Kent Surrey Sussex Air Ambulance Found New Donors

With a limited regional footprint, KSS needed to find new donors without wasting budget.

KSS uncovering a new audience from the unlikeliest of places

How do you keep donations coming in without overspending, when many people in your area have already heard your message?

That was the challenge facing Air Ambulance Charity Kent Surrey Sussex (KSS). Many people across the region will have heard from KSS following recent high profile campaigns. Finding new people to support the cause though, that was getting harder. Especially without increasing spend.

So they teamed up with Join the Dots and brought in Herdify to try something different.

“Given it was our first use of Herdify, and a test, I think we can count that as a real success. The increasing response rates by Herdify score clearly shows the model can help predict responders. And uncovering an unknown audience for us is massive.”

~ Symon Russell, Executive Director of Individual Giving and Lotteries at KSS

The bigger picture

KSS is no ordinary charity. They fly helicopters into emergencies across Kent, Surrey and Sussex, saving lives when every second counts. But all that action costs money. A lot of it. Around £20.8 million a year, with 91% of that coming from the incredibly generosity of their supporters.

They don’t have the reach of a national brand. Their donor pool is limited to their region. And like many local charities, they’re feeling the squeeze.

According to the UK Giving Report 2024, donation amounts haven’t gone up in years. The average gift is still stuck at £20. And fewer people are giving at all. Most donations now come from a shrinking pool of "Super Givers" who are already stretched.

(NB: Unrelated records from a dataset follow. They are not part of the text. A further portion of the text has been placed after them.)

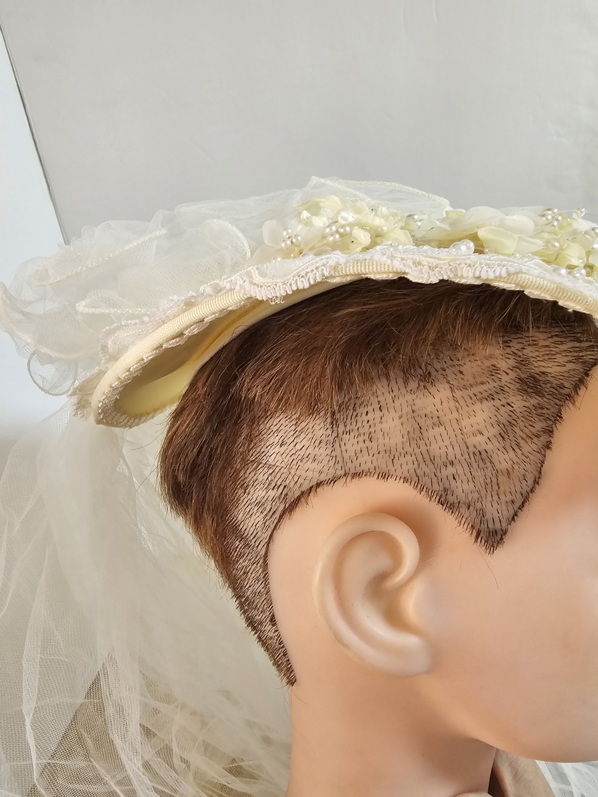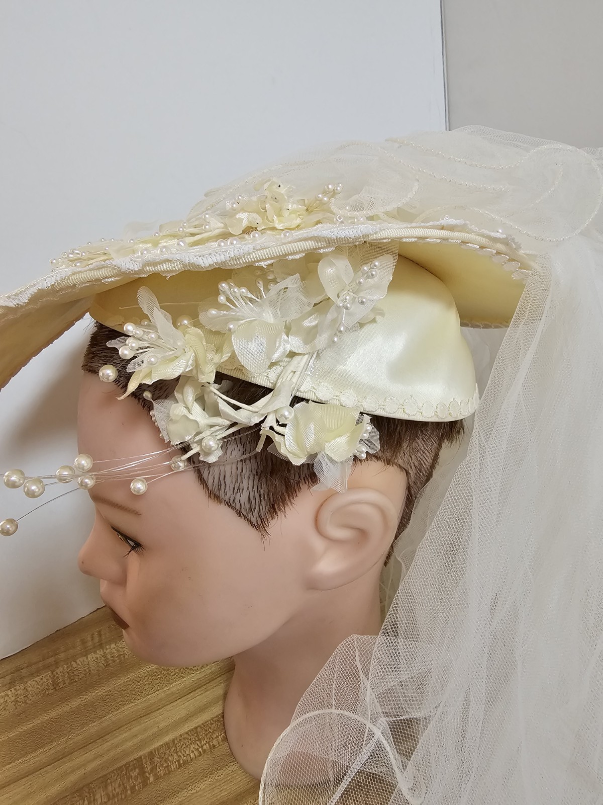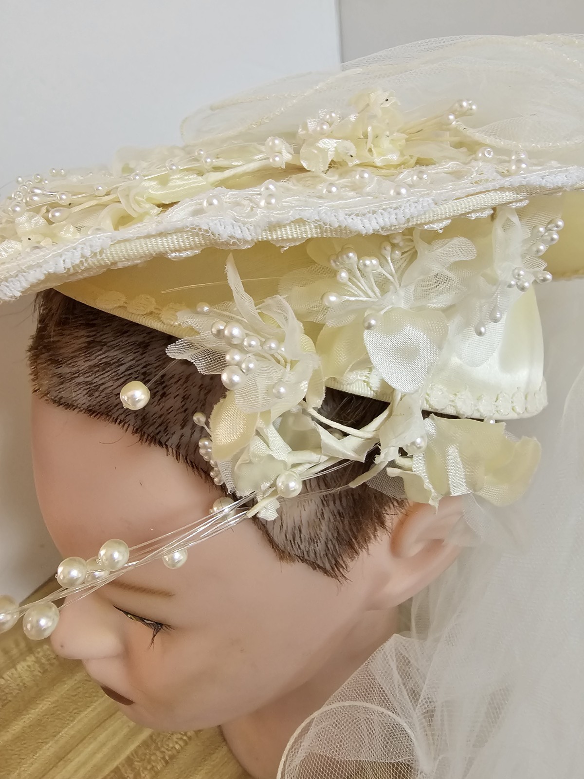 как выглядит Vtg Ivory Bridal Wedding Hat Tier Tulle Veil Pearl Beaded Headdress Minor Aging фото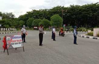 Petugas Gabungan di Siak Cek Suhu Tubuh dan Masker Pengendara yang Melintas di TASL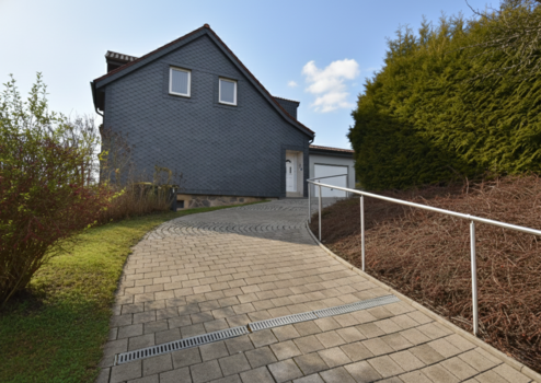 Einfahrt gepflastert mit Edelstahlgeländer (2011),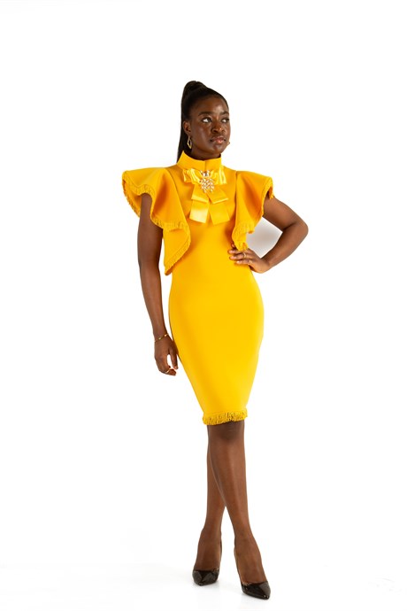 Bowknot Bow High Neck Ruffle Shoulder Scuba Dress - Yellow

For KSS, their Christmas appeal needed to work hard. After a strong emergency appeal earlier in the year, they wanted to keep the momentum going, but target smarter and drive increased campaign efficiency.

What we did

Join the Dots led a multi-channel campaign across radio, press, inserts and door drops. Radio and press helped build wider awareness, while inserts and door drops focused on direct response. We stepped in to help with the targeting and used behaviour-based data to spot communities more likely to take action. Using KSS’s donor data and Join the Dots’ standard model, we took a list of high-potential postcodes and layered on Herdify’s behavioural insights. That helped us spot the communities where people were more likely to talk about KSS and act on what they heard.

Only the areas that scored highly in both models made it into the final campaign. That meant less wasted budget, and more focus on areas where real-world conversations were already happening.

The results

The standout result was that Herdify were able to help KSS open an entirely new audience, which they’d been unable to reach before. A core goal for all charities is audience diversification, and by harnessing consumer psychology, KSS were able to do just that.

The campaign brought in £82,000 from 2,211 donors through cold channels alone.

The Herdify test was a clear win:

  • The higher the Herdify Score, the stronger the response rate
  • The audience skewed more rural and slightly less affluent
  • The new audience had an average lower gift, but all of it was a net gain for KSS as they had not previously engaged with the charity

Herdify isn't looking for the specific moments that shaped someone’s decision; instead, our modelling shows where people are already connected to KSS. Those connections might come from seeing the helicopter land, hearing a rescue story from a neighbour, or simply living in a community that already feels close to the charity. When those people saw the appeal, that existing emotional bond made them far more likely to give.

It’s a great example of how influence spreads offline. People in these communities were acting not just because of an ad, but because of what they’d heard around them.

Why it matters

Charities are finding fundraising harder than it’s ever been and every £1 spent needs to make an impact. KSS is no different. They need to be clever. And with community influence, they can be.

This campaign proved that behavioural targeting works, it also showed that less affluent donors can be just as valuable. They may not give often or give big, but when the message lands at the right time, they respond.

The UK Giving Report even highlights this trend. Some of the most generous regions in the UK, based on income, are also the least wealthy. It’s not about how much people can give. It’s about how connected they feel to the cause.

KSS didn’t just get short-term results. They found a new group of supporters who now sit in their CRM, ready to be nurtured and brought closer to the brand. Not because they were targeted by age or income, but because they live in communities that care.